Yuga Labs, a popular NFTs creator, has been in the headlines after announcing that they made over $16 million (735.7 bitcoin) from the auction of 300 bitcoin NFTs in the TwelveFold collection.
TwelveFold, whose auction is now complete, is described as a limited edition, experimental collection of 300 generative art pieces inscribed onto Satoshis on the Bitcoin blockchain.
“These pieces represent a complete art project and will not have other utility or interact with or be related to any previous, ongoing, or future Ethereum-based Yuga projects.” – TwelveFold.
Ordinal inscriptions, sometimes referred to as just inscriptions, or just ordinals, are NFTs you can mint directly onto the Bitcoin blockchain and that live on the network. An inscription is created when a file, such as an art image, is written into (inscribed into) units of Bitcoin, called Satoshis.
Satoshis are the smallest individually identifiable units of Bitcoin (100 million Satoshis equals one Bitcoin). Inscriptions, also called digital artifacts, are native to the Bitcoin blockchain and are made possible through the Ordinal Theory Protocol.
Ordinals
The concept of Bitcoin Ordinals was first proposed in a whitepaper by a team of researchers led by Tadge Dryja in 2019. The idea is to create a new type of transaction that allows users to encode arbitrary data into the Bitcoin blockchain, including metadata related to NFTs. This metadata can include information such as ownership provenance and other attributes that are important for NFTs.
However, inscribing bitcoin only became possible thanks to the Taproot upgrade which launched on the Bitcoin network on November 2021 while the Bitcoin Ordinals protocol was only launched in January 2023 by Casey Rodarmor.
Bitcoin Ordinals are a way of encoding arbitrary data into Bitcoin transactions, making it possible to store metadata related to NFTs on the Bitcoin blockchain.
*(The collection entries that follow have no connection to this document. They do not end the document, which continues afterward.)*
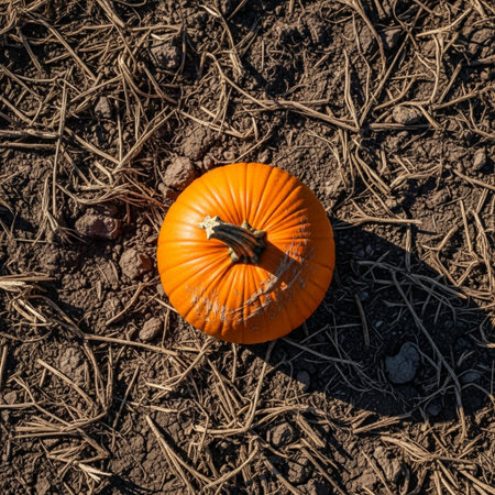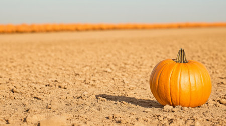 High-angle, top-down cinematic view of a single ripe pumpkin isolated in a dry, brown field under ha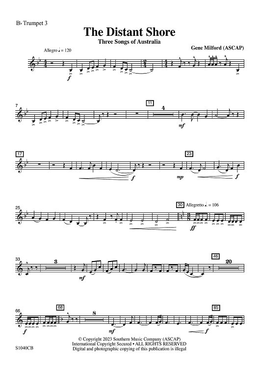 "The Distant Shore - Bb Trumpet 3" Sheet Music by Gene Milford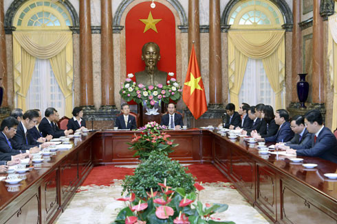 Chủ tịch nước Trần Đại Quang tiếp đoàn đại biểu Liên đoàn Kinh tế vùng Kansai, Nhật Bản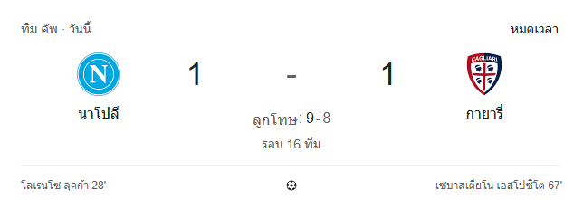 รายงานการแข่งขัน: นาโปลี 1-1 กายารี (นาโปลีชนะจุดโทษ 9-8)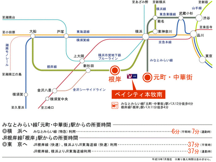 JR京浜東北線 『 根岸駅 』 駅までバスで13分 バス停『元町・中華街』 徒歩3分 みなとみらい線 『 元町・中華街駅 』 駅までバスで13分 バス停『山下町』 徒歩3分 JR京浜東北線 『 桜木町駅 』 駅までバスで24分 バス停『元町・中華街』 徒歩3分 JR根岸線 『 桜木町駅 』 駅までバスで24分 バス停『元町・中華街』 徒歩3分 |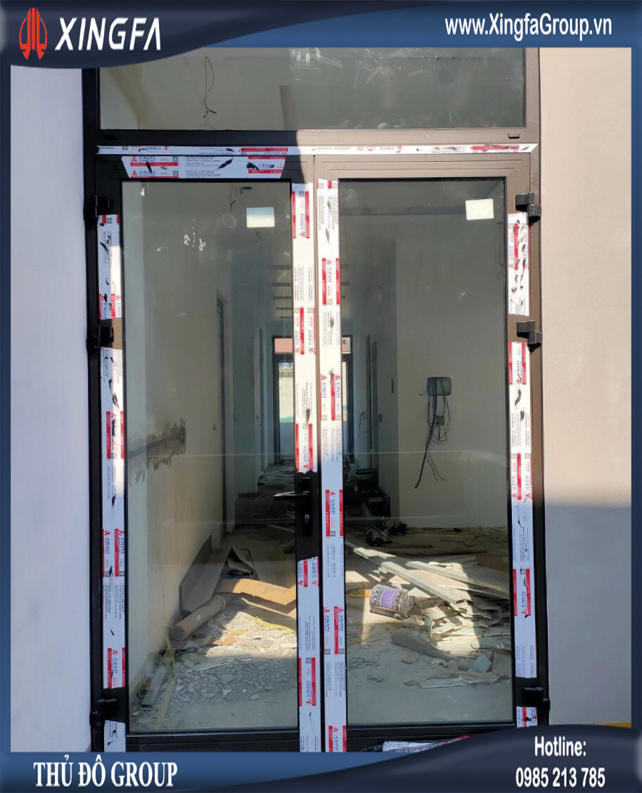 Hình ảnh cửa đi mở quay 2 cánh nhôm Xingfa nhập khẩu chính hãng

This metadata includes information such as ownership, provenance, and other attributes that are important for NFTs.
The Taproot upgrade makes Ordinals possible by:
- Reducing the costs of data storage on the Bitcoin blockchain by 75%
- Addressing the scability problem by reducing the amount of data needed to process each transaction
- The introduction of the ‘MAST’ transaction enables the creation of more complex and flexible smart contracts
- Improving the privacy of the network by allow users to hide the details of their transactions from the public
In order to inscribe an Ordinal however, users are required to run a full Bitcoin node.
Ordinal inscriptions are seen as an improvement to Ethereum NFTs since all metadata is stored off-chain on Ethereum often on the Interplanetary File System (IPFS) – a decentralized file storage, sort of like a blockchain hard drive.
Ordinals essentially enable you to inscribe ‘complete’ data on-chain, hence the term digital artifacts, according to Rodarmor.
The emergence of Bitcoin Ordinals has caused a significant surge in the usage, fees, and storage space of the Bitcoin Network, as depicted in the chart above. It also represents a major breakthrough for the Bitcoin application tier and can shift the narrative from being solely a ‘store of value’ to more practical use cases.
If you are interested in buying, selling or trading ordinals, follow these steps:
- Go to ordinalswallet.com
- Click on ‘Create Wallet’
- Take a backup of the recovery phrase for your wallet
- Set up a password for wallet access
- Use the address of the Ordinals Wallet to send some Sats to the wallet
- Go to ‘Collections’ at the top of the page
- Choose the ordinals collection and the inscription that you would like to buy
- Buy the ordinal (using the Sats in your wallet)
Another notable project in addition to TwelveFold is the Ordinal Punks, which pays homage to CryptoPunks with a set of 100 Bitcoin NFTs inscriptions on the Bitcoin chain.